LFDE: Elke vergelijking gaat mank

LFDE: Elke vergelijking gaat mank

Technology

Enkele gerenommeerde beleggers, onder wie Michael Burry, die faam verwierf doordat hij de subprimecrisis zag aankomen, zetten in op een terugval van de technologiesector.

Een aantal CEO's uit die sector, te beginnen bij die van OpenAI en Nvidia, deed met verrassende uitspraken enig stof opwaaien. En in de financiële pers duikt intussen steeds vaker het woord 'zeepbel' op – vooralsnog gevolgd door een vraagteken. Dat zegt Enguerrand Artaz, strategisch analist bij La Financière de l’Échiquier (LFDE).

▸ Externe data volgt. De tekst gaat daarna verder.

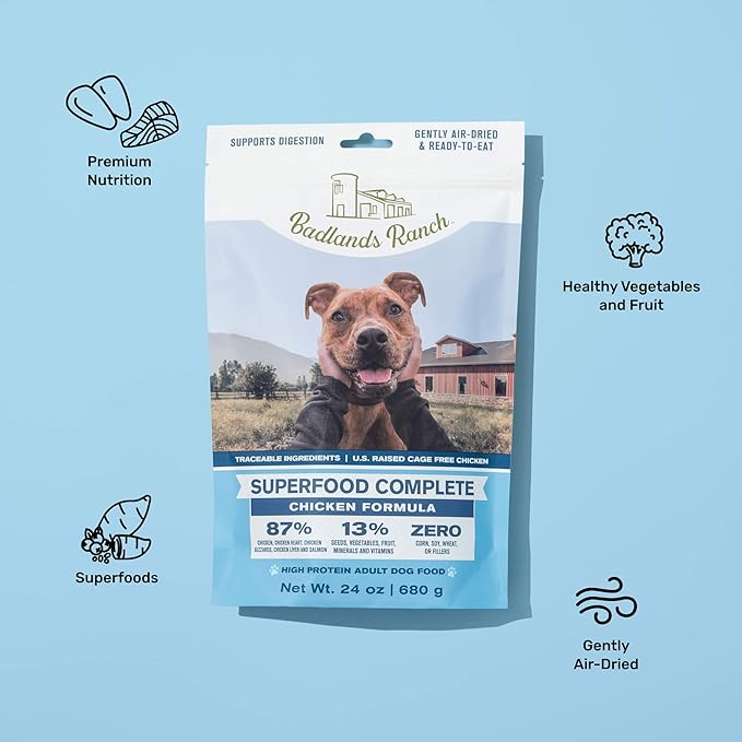 Superfood Complete, Air-Dried Adult Dog Food - High Protein, Zero Fillers, Superfood Nutrition by Katherine Heigl (24 oz., Premium Chicken)
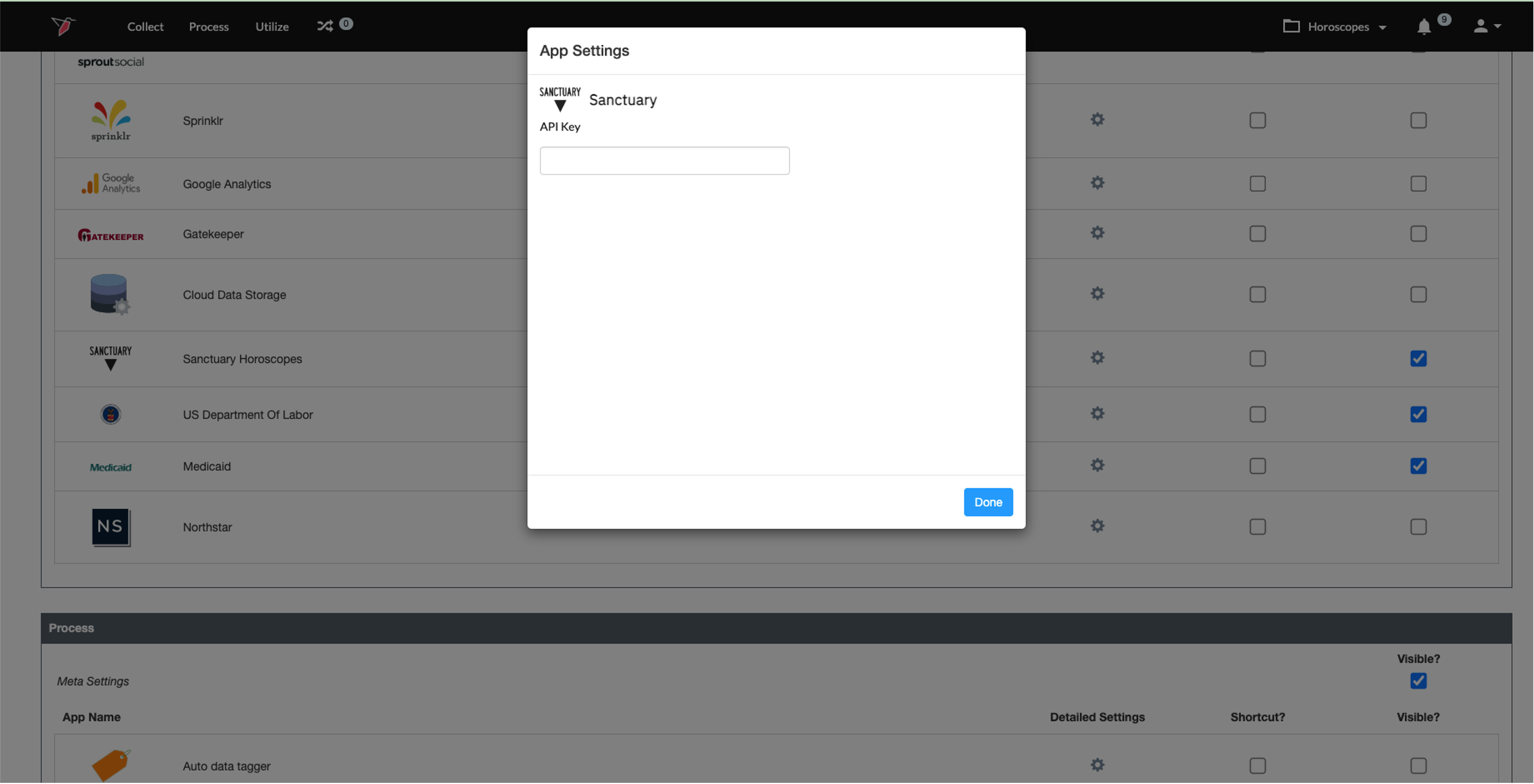 This guide explains how to set up access and collect data from the Sanctuary Horoscopes platform which provides horoscope information. You will need API access enabled on your Sanctuary Horoscopes account to use this collect App

Het ongebreidelde optimisme over de ontwikkeling van artificiële intelligentie (AI) dat de afgelopen maanden overheerste, begint ontegensprekelijk barsten te vertonen. Zorgen over een mogelijke zeepbel in het kader van een grote technologische doorbraak roepen uiteraard als vanzelf herinneringen aan de internetzeepbel op.

Sommige spelers in de markt wijzen die vergelijking steevast van de hand, stellen dat de situatie nu helemaal anders is en concluderen daaruit dat er van een zeepbel hoegenaamd geen sprake is.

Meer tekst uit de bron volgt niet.